The bulk of the increase in costs in the UK – around 45% – was due to the number of claims increasing, while 33% was due to the value of payouts rising. Rising legal costs accounted for the final 21%.
The NAO warned that the DH and NHS Resolution’s proposed actions to contain the rising cost of clinical negligence claims are unlikely to stop this growth, with claims rising at a faster rate year-on-year than NHS funding. It warned that ministers lack 'a coherent cross-government strategy, underpinned by policy, to support measures to tackle the rising cost of clinical negligence’.
Current plans, even if successfully implemented, will only save some £90m a year by 2020/21 – which will barely make a dent in the expected £3.2bn clinical negligence bill for trusts in the same year.
Amyas Morse, head of the NAO, said: ‘The cost of clinical negligence in trusts is significant and rising fast, placing increasing financial pressure on an already stretched system. NHS Resolution and the [DH] are proposing measures to tackle this, but the expected savings are small compared with the predicted rise in overall costs.
‘At £60bn, up from £51bn last year, the provision for clinical negligence in trusts is one of the biggest liabilities in the government accounts, and one of the fastest growing. Fundamentally changing the biggest drivers of increasing cost will require significant activity in policy and legislation, areas beyond my scope.’
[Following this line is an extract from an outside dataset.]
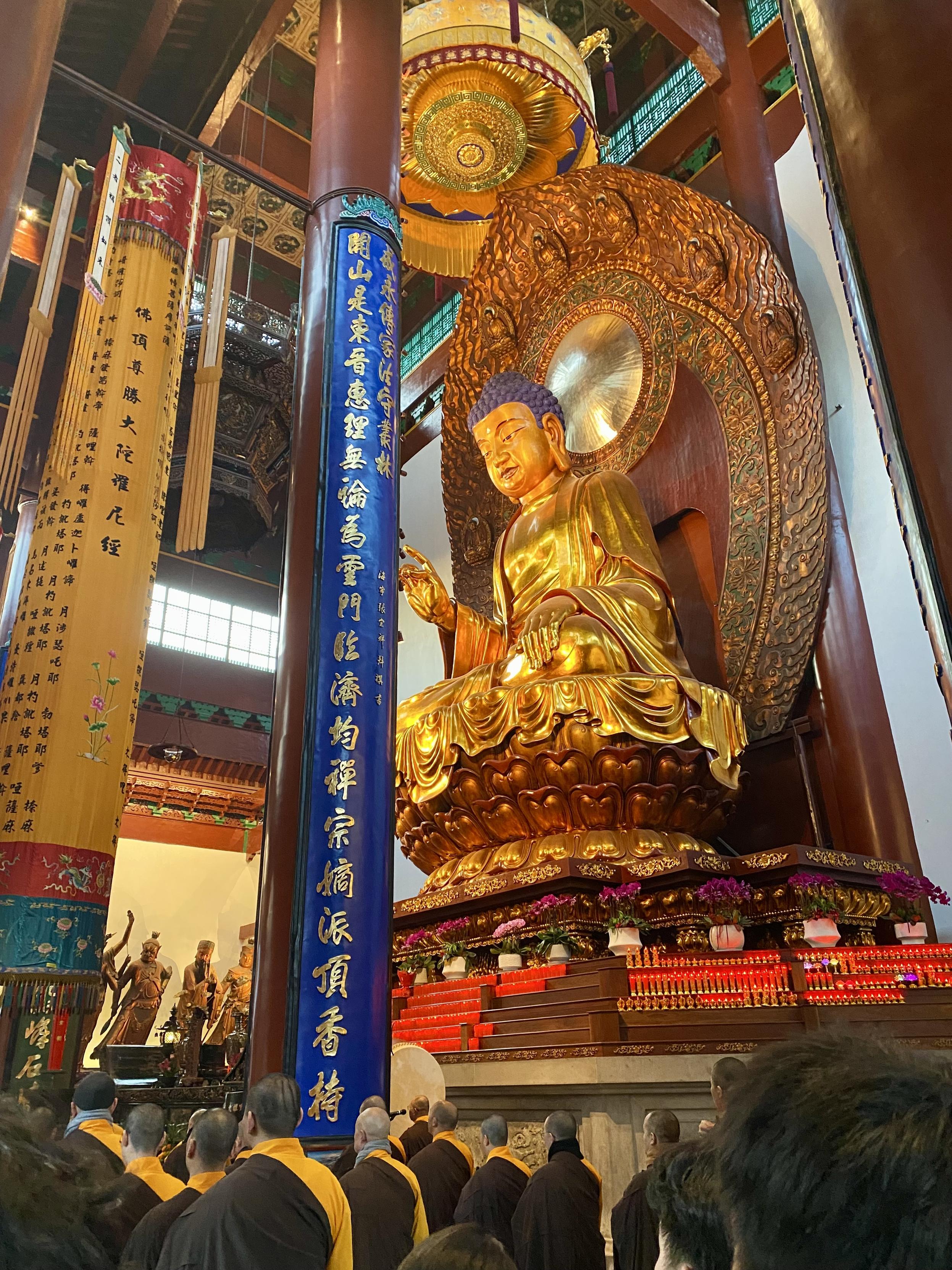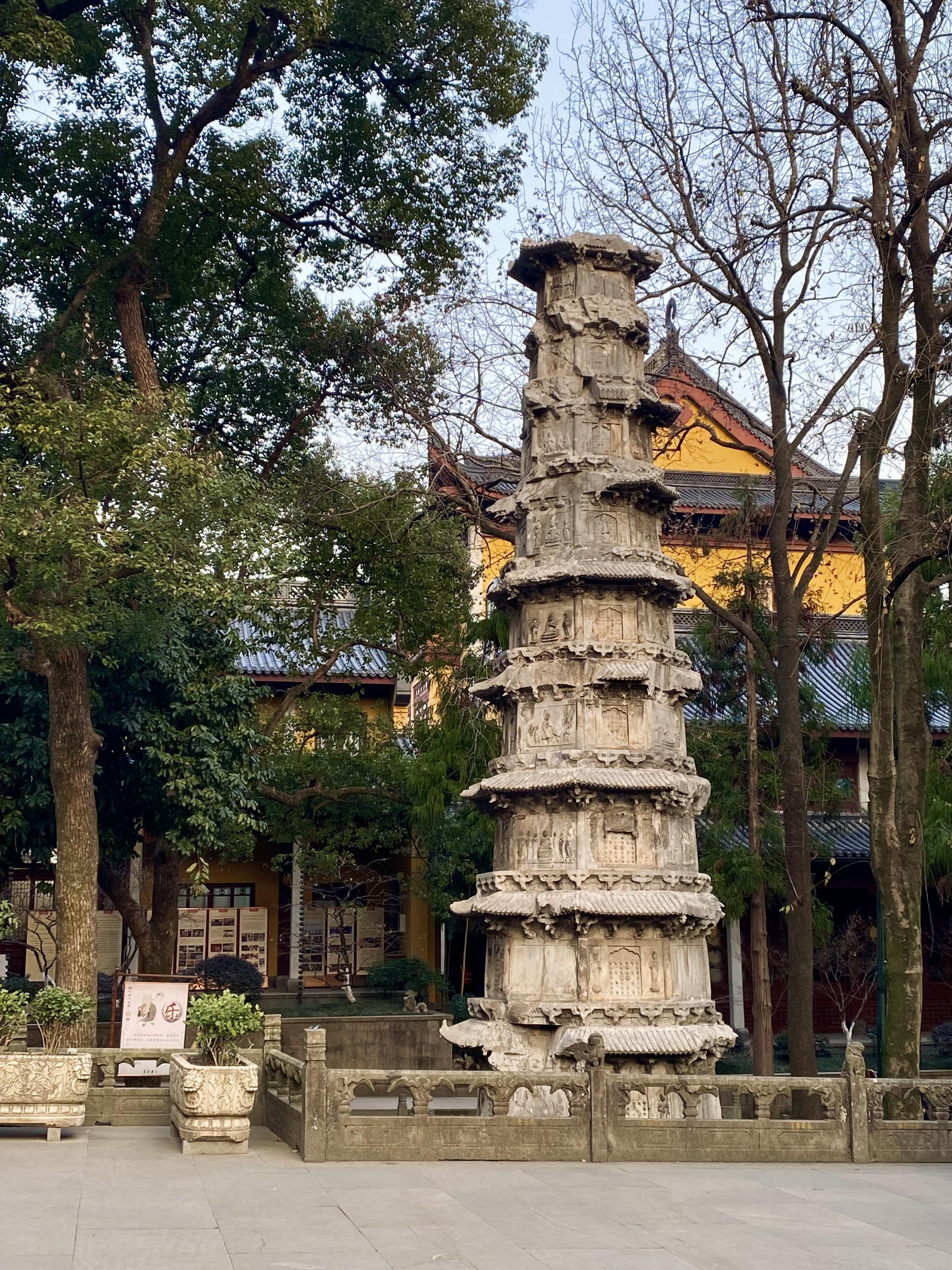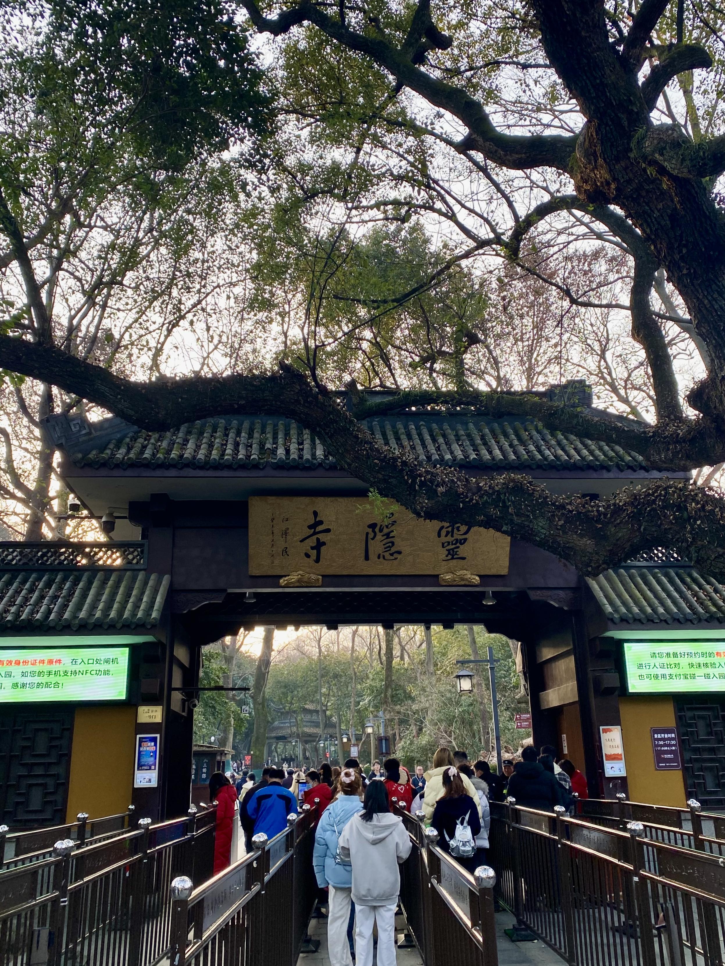 灵隐寺香火真旺啊。大殿里一群和尚在唱经,声压厚重(全男的,这也是个bros club哈)。感觉之前去佛寺都是人文价值超过宗教价值,灵隐寺可能是钱势逼人,颇有一些宗教威严感。但同时有好多干别的的,古风穿戴出片的,在金刚经上面摸自己想实现的字儿的(把利、增、生、有、得、知等字摸得黢黑,与此同时死字儿金光发亮。看下图),有种非常务实的世俗感

House of Commons public accounts committee (PAC) chair Meg Hillier said: ‘The DH and Ministry of Justice have been too slow to work together to turn the tide, with actions to save £90m a year by 2020/21 a drop in the ocean in the face of forecast costs of £3.2bn a year by 2021.
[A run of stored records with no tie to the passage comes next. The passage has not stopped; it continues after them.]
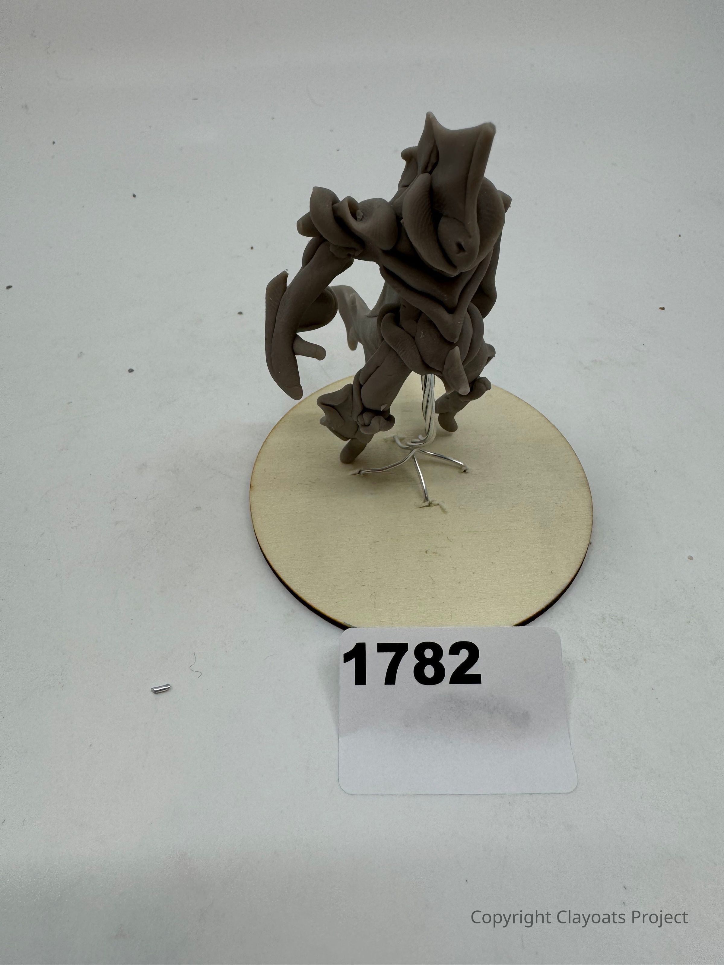 The image shows a clay sculpture resembling a humanoid or robotic figure with intricate, abstract features mounted on a circular wooden base. It is placed on a white surface. The figure appears to be supported by a thin wire structure, allowing it to stand upright. The background is plain and of a neutral color, emphasizing the details of the sculpture. This artwork exhibits a creative combination of textures, suggesting a fusion of organic and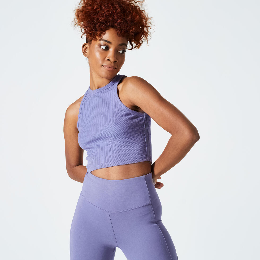 Ultra tendance, ce débardeur crop pour femme avec son effet cotelé est aussi hyper confortable. Vous pouvez affirmer votre style pour toutes vos séances de sport, et même en dehors !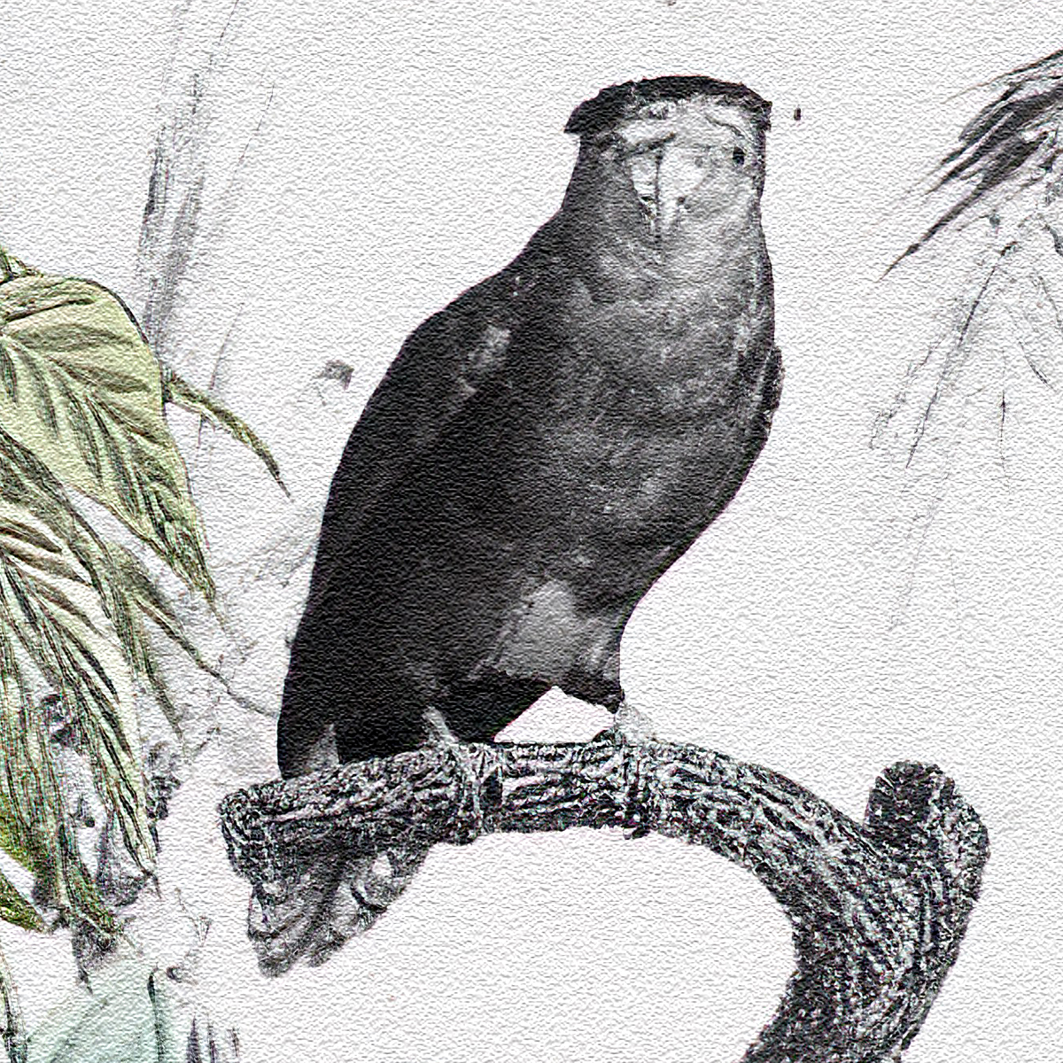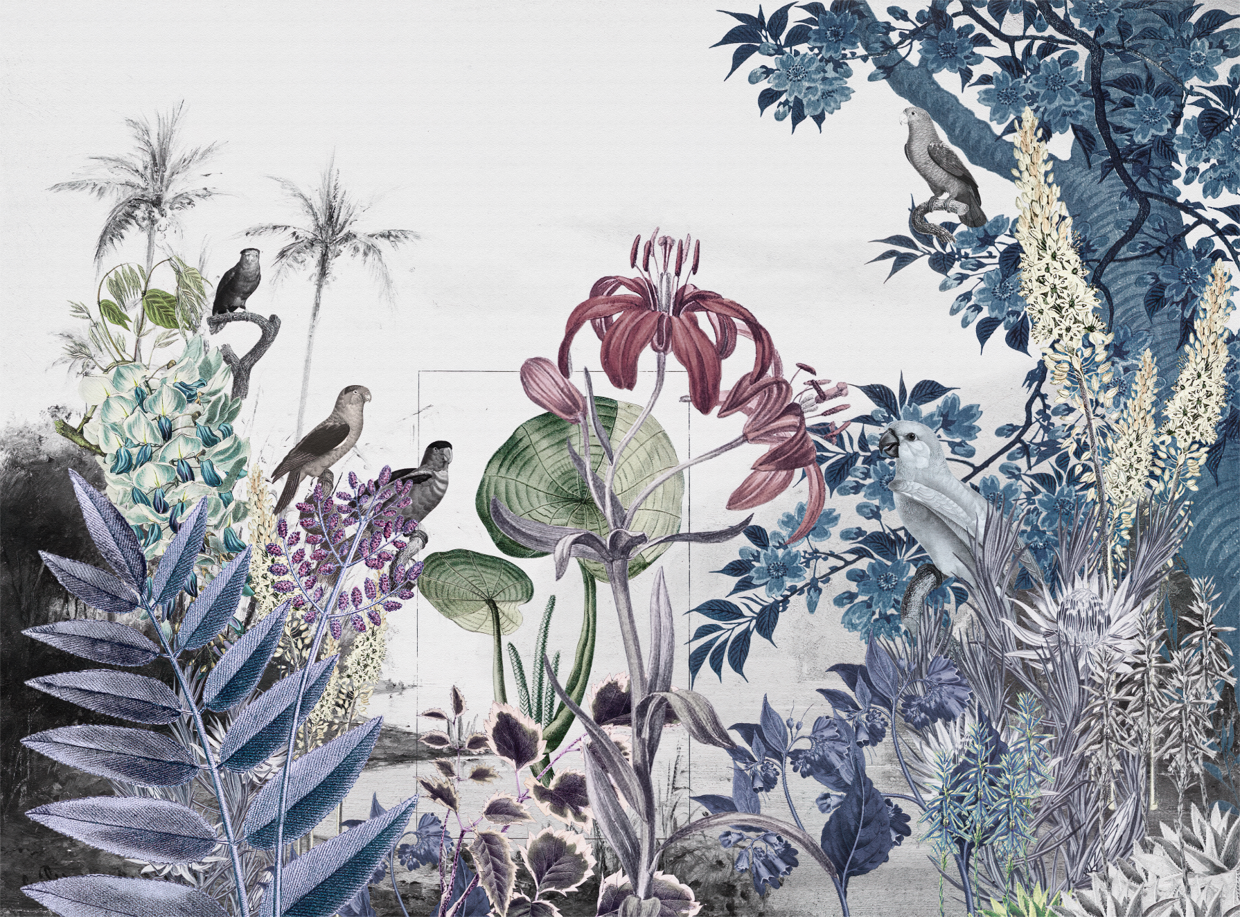 Dramatic Tropical Garden Mural featuring birds, exotic flowers, and palms. Intense color combination (blue, purple, burgundy) over a textured background. Ideal for maximalist or high-impact decor.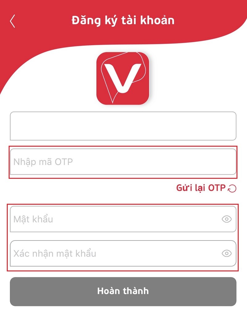 - Bước 4: Nhập mã OTP được gửi đến điện thoại của bạn, tạo mật khẩu mới và xác nhận lại mật khẩu. Bấm hoàn thành để hoàn tất đăng ký.

‘We need government to take a good hard look at the financial and personal costs of clinical negligence.’
Dr Pallavi Bradshaw, senior medicolegal adviser at the MPS, said: ‘The NAO is right to raise concerns about the rising cost of clinical negligence to the NHS.
‘We believe legal reform is needed to help achieve a balance between compensation that is reasonable, but also affordable – both to the NHS and to healthcare professionals who are feeling the pressure of rising clinical negligence costs through their professional protection subscriptions.’
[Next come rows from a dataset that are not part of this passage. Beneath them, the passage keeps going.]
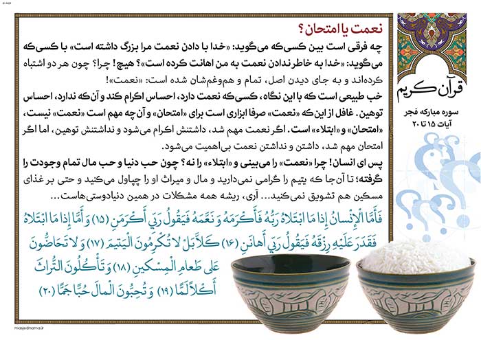 تدبری در سوره مبارکه فجر (3) - نعمت یا امتحان ؟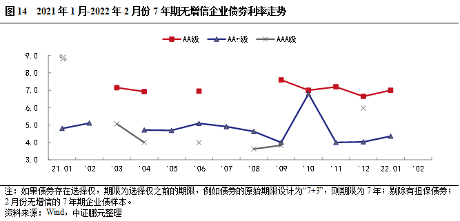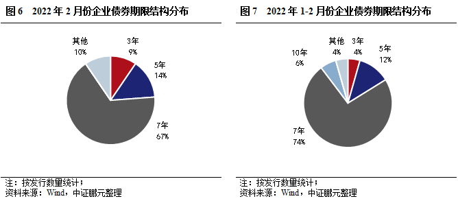 2022年2月,企業(yè)債券期限分布于7年期等期限品種。其中,7年期品種發(fā)行14只,占比67%,發(fā)行規(guī)模100.50億元,占比74%;5年期品種發(fā)行3只,占比14.3%,發(fā)行規(guī)模10.70億元,占比7.8%。與上月相比,5年期和7年期品種發(fā)行規(guī)模占比較上月分別下降3和上升9個(gè)百分點(diǎn)。綜合2022年1-2月看,7年期品種發(fā)行數(shù)量和規(guī)模分別為50只,303.80億元,占比分別為74%和67%。與上年同期相比,7年期品種規(guī)模占比上升10個(gè)百分點(diǎn)。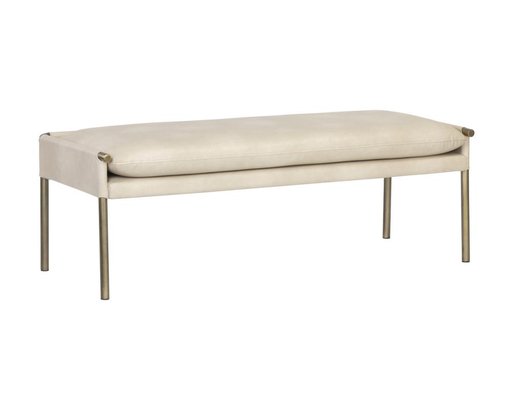 A beautiful upholstered bench from our Ikon collection crafted with an intriguing mixture of textures and materials. Features bravo cream faux leather seat with an antique brass frame. Also available in belfast grey fabric with a contrasting bravo ash faux leather or abbington black fabric with contrasting bravo black faux leather. Handle With Care: This design has been crafted with faux leather. Faux leather is manufactured to reflect the natural characteristics of leather; as such, colour variations, markings wrinkles, grooves, and light scratches are appreciated characteristics. No two pieces will be alike.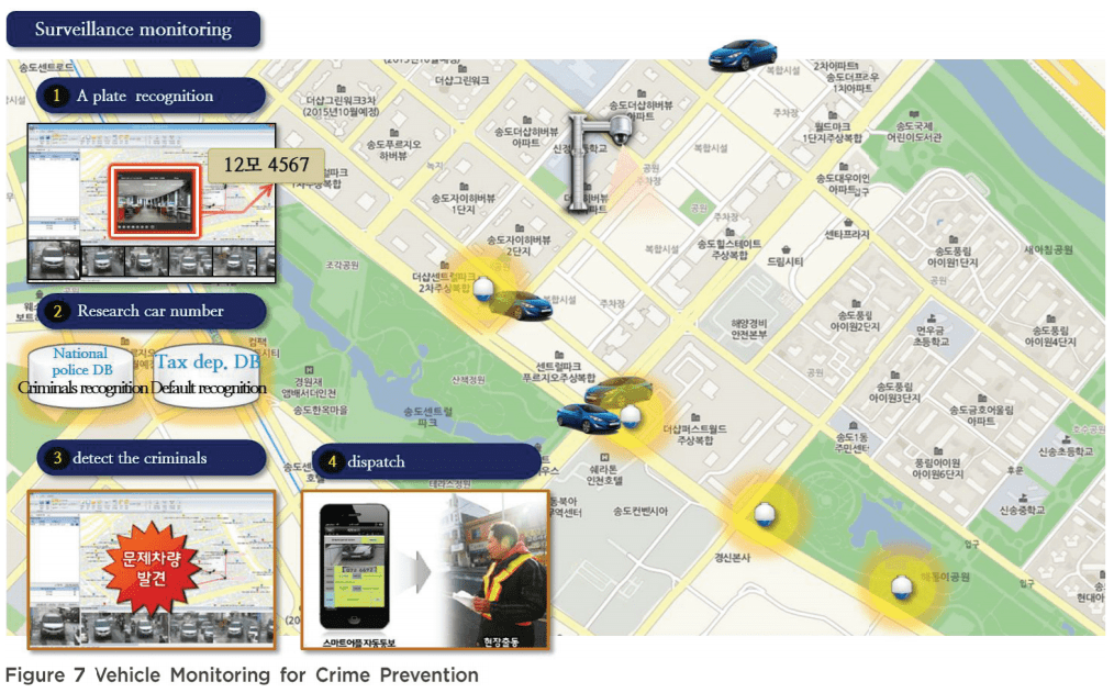 ”International Case Studies of Smart Cities: Songdo, Republic of Korea” -raportin mukaan, Songdo tarjoaa useita turvallisuus- ja ympäristötoimenpiteitä tehdäkseen elämästä turvallisempaa ja kestävämpää. Siinä ei kuitenkaan mainita yksityisyyden suojauksista tai seurauksia siitä, että elävä kaupunki on kytketty verkkoon ja kuuntelee kansalaisiaan päivittäin. Raportissa todetaan, että ”Songdo U-kaupunki kerää 24 tunnin reaaliaikaista dataa paikan päällä olevista laitteista, kuten CCTV:stä, erilaisista anturilaitteista ja liikenneilmaisimista”.

A government spokesman said: ‘Clinical negligence costs are too high, which is why are we are taking action across government to drive these costs down.
‘This includes proposals to fix the amount legal firms can recover from clinical negligence cases and provide families affected by severe avoidable birth injuries with an alternative to lengthy court disputes – as well as investing millions in training for staff and new equipment to deliver our ambition of halving neonatal deaths, stillbirths, maternal deaths and brain injuries caused during or shortly after labour by 2030.
‘But there is still more to do – that’s why we will develop a coherent strategy to tackle the rising costs, supported by our relentless pursuit of improved safety standards and a transparent, learning culture across the NHS.’